OpenAI announced a set of new models for its Realtime API, focused on improving voice interactions through greater intelligence and responsiveness.
The release includes 'GPT-Realtime-2,' which incorporates reasoning capabilities at the level of GPT-5, along with two supporting models for translation and transcription. These additions allow developers to create voice agents that process audio input and output in a continuous loop rather than relying on separate steps for speech recognition, language processing, and synthesis.
The models became available immediately in the API, with testing options in the OpenAI Playground and starter code examples provided through the Codex tool.
GPT-Realtime-2 stands out as the primary model for building production voice agents.
It supports handling interruptions, parallel tool calls, and extended context windows up to 128,000 tokens, which helps maintain coherence during longer sessions.
Developers can adjust reasoning effort across five levels to balance speed and depth, and the model includes features like preambles to keep users informed while it processes requests or accesses external systems. In practice, this means an agent can check a calendar, update a customer relationship management record, or retrieve information without breaking the flow of conversation.
Our new voice models are now available in the Realtime API:
GPT-Realtime-2: Build production-ready voice agents that can think harder, take action, handle interruptions, and keep conversations flowing.
GPT-Realtime-Translate: Translate while streaming across more than 70…— OpenAI (@OpenAI) May 7, 2026
Evaluations showed improvements over earlier versions on benchmarks measuring audio intelligence and multi-turn instruction following.
The accompanying models address specific audio tasks.
GPT-Realtime-Translate performs live speech-to-speech translation from more than 70 input languages into 13 output languages while preserving natural pacing and handling domain-specific terms or regional accents. GPT-Realtime-Whisper delivers low-latency streaming transcription that generates captions or notes as speech occurs.
Both operate within the same realtime framework, enabling applications such as multilingual customer support or live event captioning without additional pipelines.
Pricing follows a per-token or per-minute structure depending on the model, with details listed in the API documentation.
A demonstration video released alongside the announcement illustrated these capabilities in action.
One segment showed live translation between French and English, with the system switching seamlessly to German when interrupted and correctly rendering technical terminology. Another depicted a voice assistant managing a personal schedule, pulling calendar details, and updating records while providing verbal updates during processing.
The interactions highlighted reduced latency and more natural turn-taking compared to previous realtime systems.
This update builds on OpenAI's earlier audio releases from 2025, which introduced initial speech-to-speech models and realtime API features.
The new models shift the architecture further toward continuous multimodal reasoning, moving away from rigid pipelines of automatic speech recognition followed by large language model processing and text-to-speech output. Discussions on social platforms noted potential applications in customer service, education, travel planning, and global communication, with some observers pointing to impacts on industries that rely on real-time human intermediaries.

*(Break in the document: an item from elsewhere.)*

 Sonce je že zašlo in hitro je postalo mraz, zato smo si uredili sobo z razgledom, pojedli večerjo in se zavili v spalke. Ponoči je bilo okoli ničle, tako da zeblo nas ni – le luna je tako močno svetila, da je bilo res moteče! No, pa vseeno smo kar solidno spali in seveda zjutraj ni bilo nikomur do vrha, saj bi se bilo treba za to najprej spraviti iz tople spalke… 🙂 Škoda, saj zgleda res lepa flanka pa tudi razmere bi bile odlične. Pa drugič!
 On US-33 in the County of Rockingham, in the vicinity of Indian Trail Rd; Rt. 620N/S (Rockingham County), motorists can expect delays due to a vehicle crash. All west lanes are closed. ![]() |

Developer feedback included interest in integration with existing tools and questions about latency in complex multi-step scenarios.

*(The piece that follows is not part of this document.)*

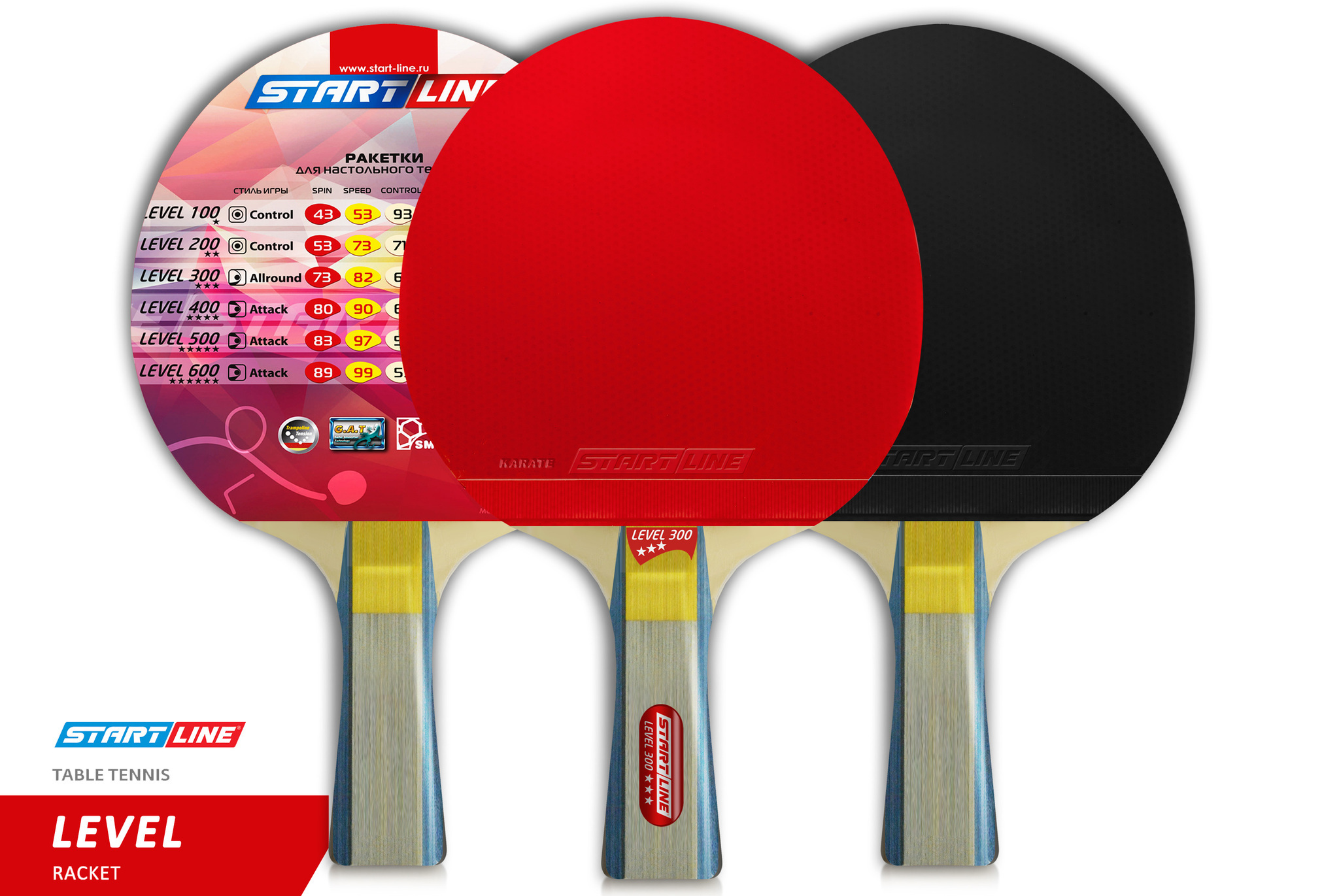 Ракетка для настольного тенниса Level 300 соответствует высокому современному стандарту качества, имеет обновленный дизайн, а также улучшенные технологические и игровые характеристики. В производстве ракеток Level 300 применены новейшие технологии: - Технология натяжения - Trampoline Tension Technology Уникальная технология, которая делает резину и губку с высоким натяжением. При игре резина хорошо поглощает атакующие удары мячей. Данный вид резины содержит натуральные органические вещества. - Технология поглощения - Gecko Adsorption Technology Эту технологию применяют при производстве резиновой поверхности ракетки. Так, на самой поверхности резины образуется множество выходных отверстие #40;как губка#41;, которые позволяют задержать мячи на резине. Благодаря этой технологии можно свободно контролировать мяч, его скорость и вращение. - Технология симметрии - Symmetrical Microcellular Foam Technology. Благодаряnbsp;nbsp;применению симметричного мелкопористого пенопласта, ракетка отличается эластичностью, легкостью и хорошим энергопоглощением.

The announcement has prompted conversations about the evolving role of voice interfaces in software.
Companies such as Zillow, Deutsche Telekom, and Priceline have explored similar voice-driven workflows for tasks ranging from property searches to trip management.
At the same time, some users expressed ongoing preferences for legacy models like GPT-4o in certain contexts, reflecting varied experiences with prior voice updates. Overall, the release positions the Realtime API as a foundation for more capable conversational systems that operate directly in audio space. Developers can begin experimenting with the models through the platform today.